Work instruction: The required answer is an exact copy of every line from the beginning of the entries through the line with "主教练、葡萄牙人鲁伊·维多利", with all pictures omitted.

[[ Data extract, beginning ]]

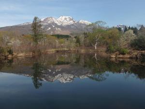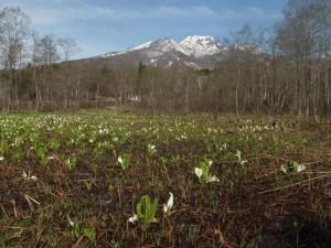 妙高山の雪形「跳ね馬」といもり池のミズバショウ
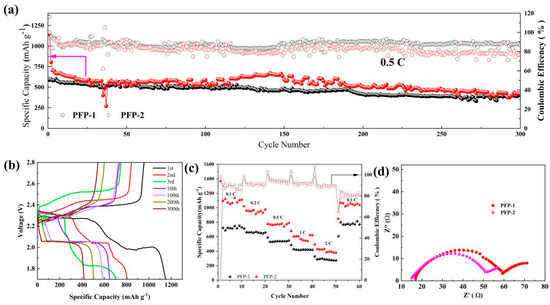 Electrochemical performance of PFP-1 and PFP-2: (a) cycling performance at 0.5 C current density; (b) charge and discharge profiles of 1st, 2nd, 3rd, 10th, 100th, 200th, and 300th cycles; (c) rate performance at different current densities; (d) impedance measurement.
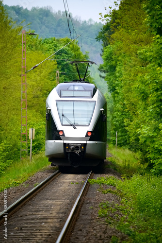 Naklejka premium Eisenbahn Nahverkehr Triebwagen Strecke Gleis Zug eingleisig Schienen Verkehr...
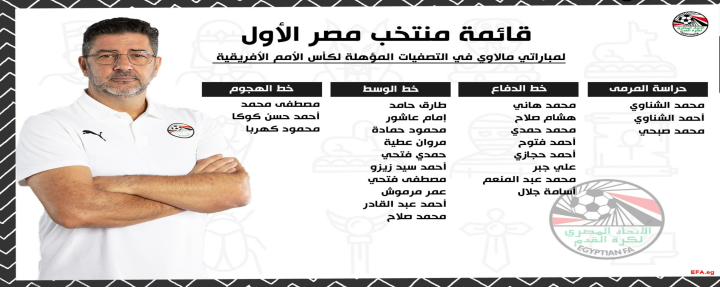 主教练、葡萄牙人鲁伊·维多利亚在去年7月接手埃及国家队。此次他选择了24人进入本次国际比赛日大名单。
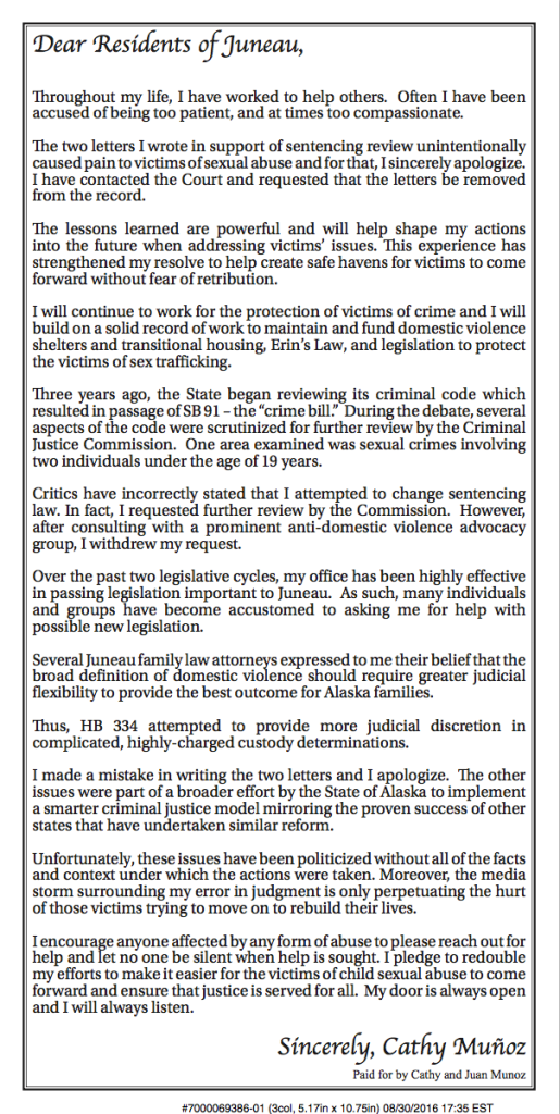 After the Empire article was published Aug. 21, she faced a barrage of criticism from her constituents — who lambasted her on her campaign Facebook page for supporting perpetrators instead of victims. One fellow legislator, Rep. Sam Kito III, said he was surprised to learn about her actions and initially felt they went against what he understood to be ethical Legislature-to-court policy. Statewide, editorials from the Alaska Dispatch News and the Empire circulated questioning Muñoz’s judgment.
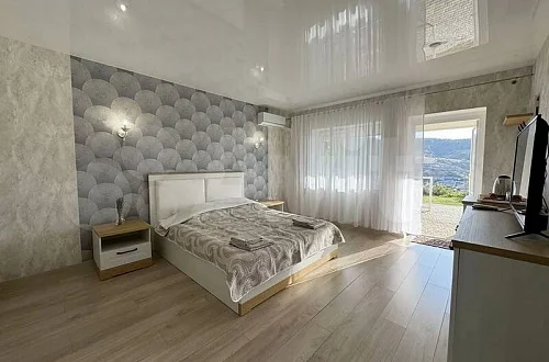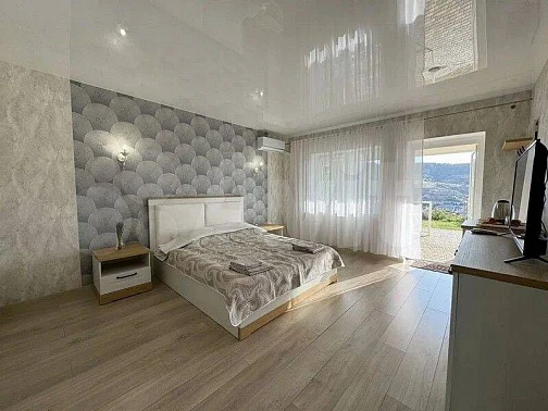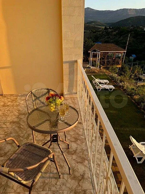 На крыше гостевого дома оборудована большая смотровая площадка с видом на горы, море, Храм-Маяк, а вечером - на лунную дорожку в море и огни поселка. За дополнительную плату можно всем этим любоваться, лёжа в спа-джакузи, и отдыхая на больших качелях всей семьёй или, наоборот, уединившись от всех. По желанию можно заказать туда и ужин.
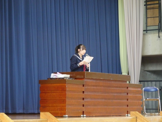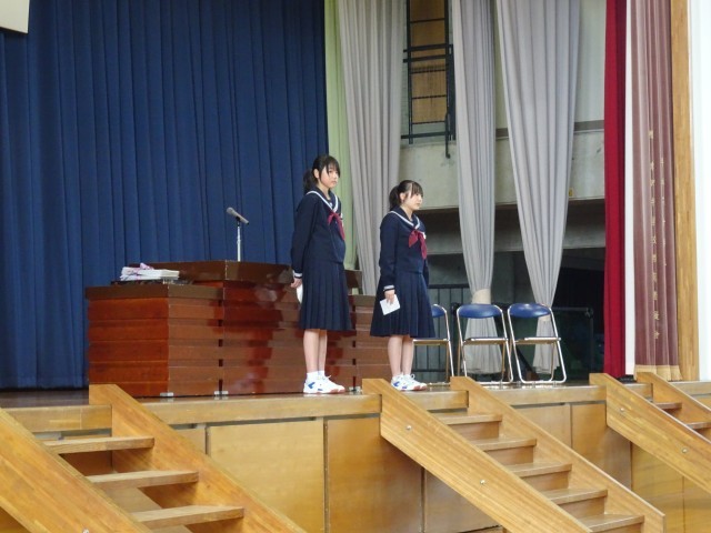 大きな声で堂々と伝える2人に、全校生徒から大きな拍手を送りました。
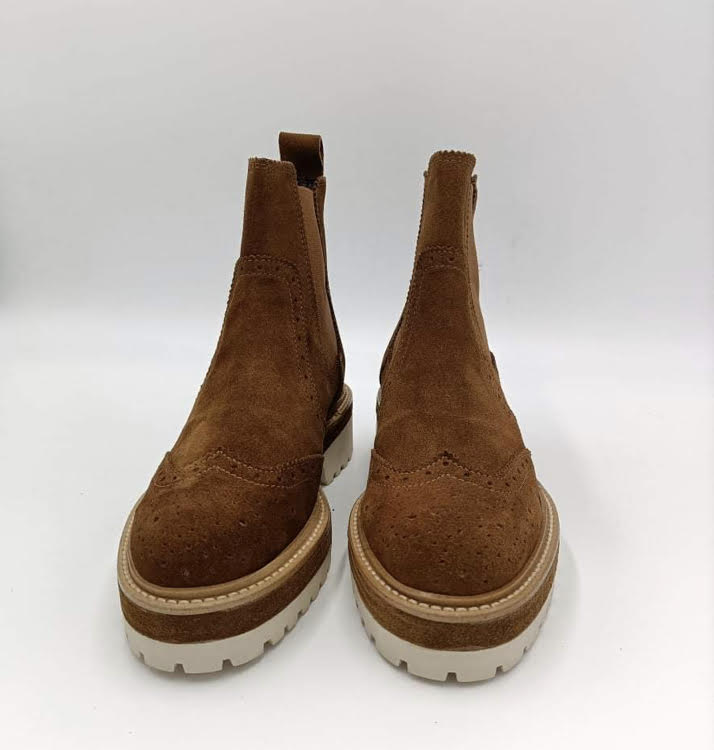Botins com interior em pele e no exterior camurça castanho. Plataforma de 5 cm. Com detalhe com corda a toda a volta na parte da plataforma. Na lateral elástico para facilitar a entrada do botim.
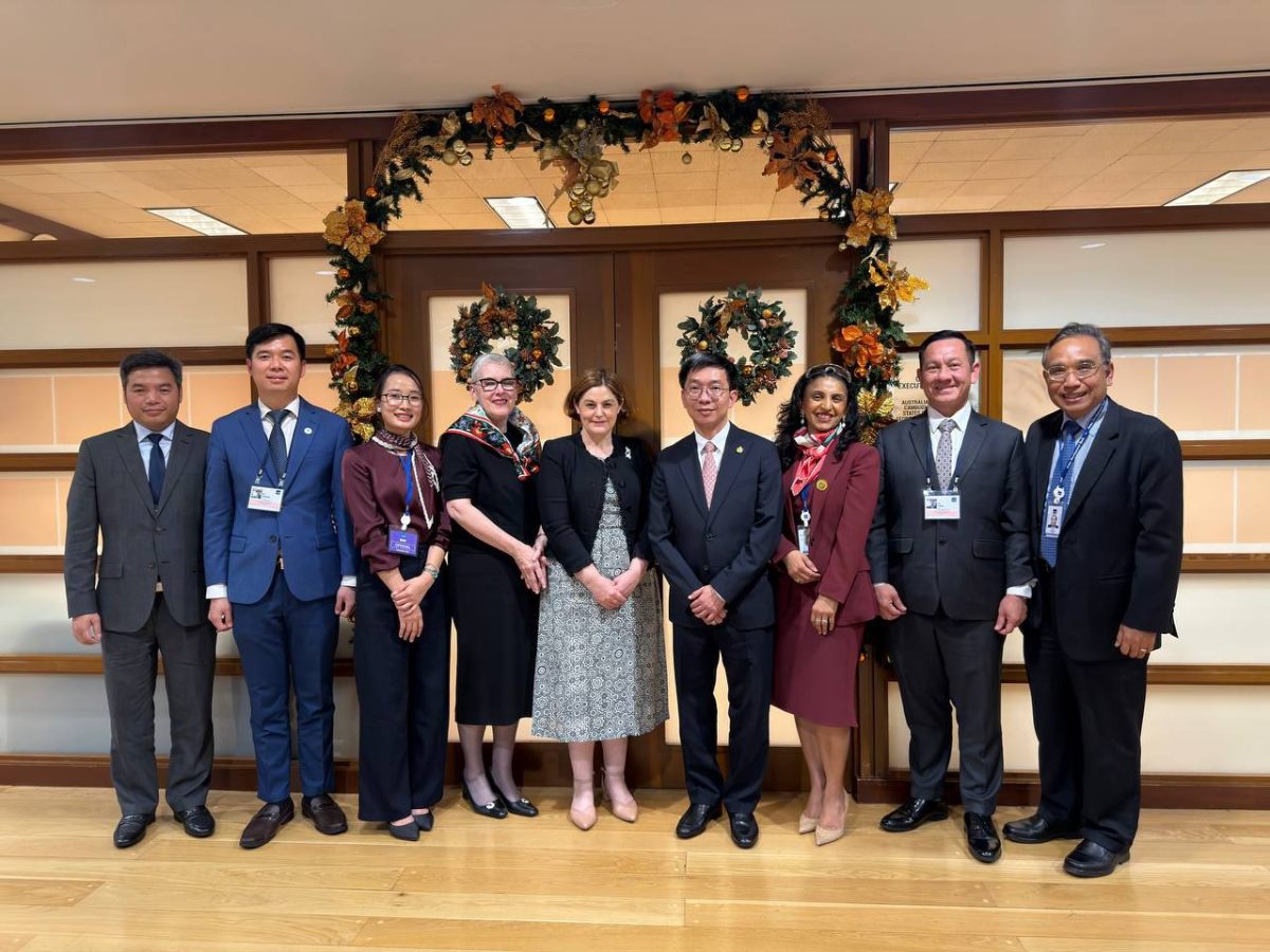ឯកឧត្តមរដ្ឋលេខាធិការ រួមជាមួយតំណាងមកពីក្រសួងការងារនិងបណ្តុះបណ្តាលវិជ្ជាជីវៈ និងមូលនិធិអភិវឌ្ឍន៍ជំនាញ (Skill Development Fund) បានជួបសម្តែងការគួរសម និងពិភាក្សាដោយឡែកជាមួយ លោកស្រី Rachel Thompson នាយកប្រតិបត្តិនៃធនាគាអភិវឌ្ឍន៍អាស៊ីប្រចាំស្នាក់ការកណ្ដាល និងលោកស្រី Jasmine Siddiqi នាយិកាធនាគាអភិវឌ្ឍន៍អាស៊ីប្រចាំនៅកម្ពុជា។ នៅក្នុងជំនួបនេះ ការពិភាក្សាបានធ្វើឡើងពាក់ព័ន្ធនឹងការពង្រឹងមូលធនមនុស្ស និងសមត្ថភាពប្រកួតប្រជែងនៅកម្ពុជា ដោយផ្តោតលើការប្រែក្លាយឯកសារយុទ្ធសាស្រ្តស្តីពីភាពជាដៃគូរវាងកម្ពុជានិងធនាគារអភិវឌ្ឍន៍អាស៊ី (Country Partnership Strategy) ដែលបានអនុម័តនៅឆ្នាំ ២០២៤ ទៅជាការអនុវត្តប្រកបដោយប្រសិទ្ធភាព និងលទ្ធផល តាមរយៈការដោះស្រាយកង្វះខាតជំនាញ ដោយផ្តោតលើ (i) ជំនាញបច្ចេកទេស និងចំណេះដឹងដែលកម្លាំងពលកម្មត្រូវការ ដើម្បីអាចធ្វើឱ្យមានការផ្លាស់ប្តូរឧស្សាហកម្មប្រកបដោយនិរន្តរភាព និងគិតគូរពីបរិស្ថាន; (ii) ពង្រឹងប្រព័ន្ធអេកូសម្រាប់ការអភិវឌ្ឍជំនាញ; (iii) គាំទ្រដល់ការបង្កើនលទ្ធផលសិក្សា និងពង្រឹងការវាយតម្លៃនៅតាមសាលារៀន និង (iv) ពង្រឹងទំនាក់ទំនងរវាងការអប់រំមធ្យមសិក្សា ទៅនឹងការអប់រំឧត្តមសិក្សា។

[[ Data extract, end ]]

Your response:
 妙高山の雪形「跳ね馬」といもり池のミズバショウ
 Electrochemical performance of PFP-1 and PFP-2: (a) cycling performance at 0.5 C current density; (b) charge and discharge profiles of 1st, 2nd, 3rd, 10th, 100th, 200th, and 300th cycles; (c) rate performance at different current densities; (d) impedance measurement.
 Naklejka premium Eisenbahn Nahverkehr Triebwagen Strecke Gleis Zug eingleisig Schienen Verkehr...
 主教练、葡萄牙人鲁伊·维多利亚在去年7月接手埃及国家队。此次他选择了24人进入本次国际比赛日大名单。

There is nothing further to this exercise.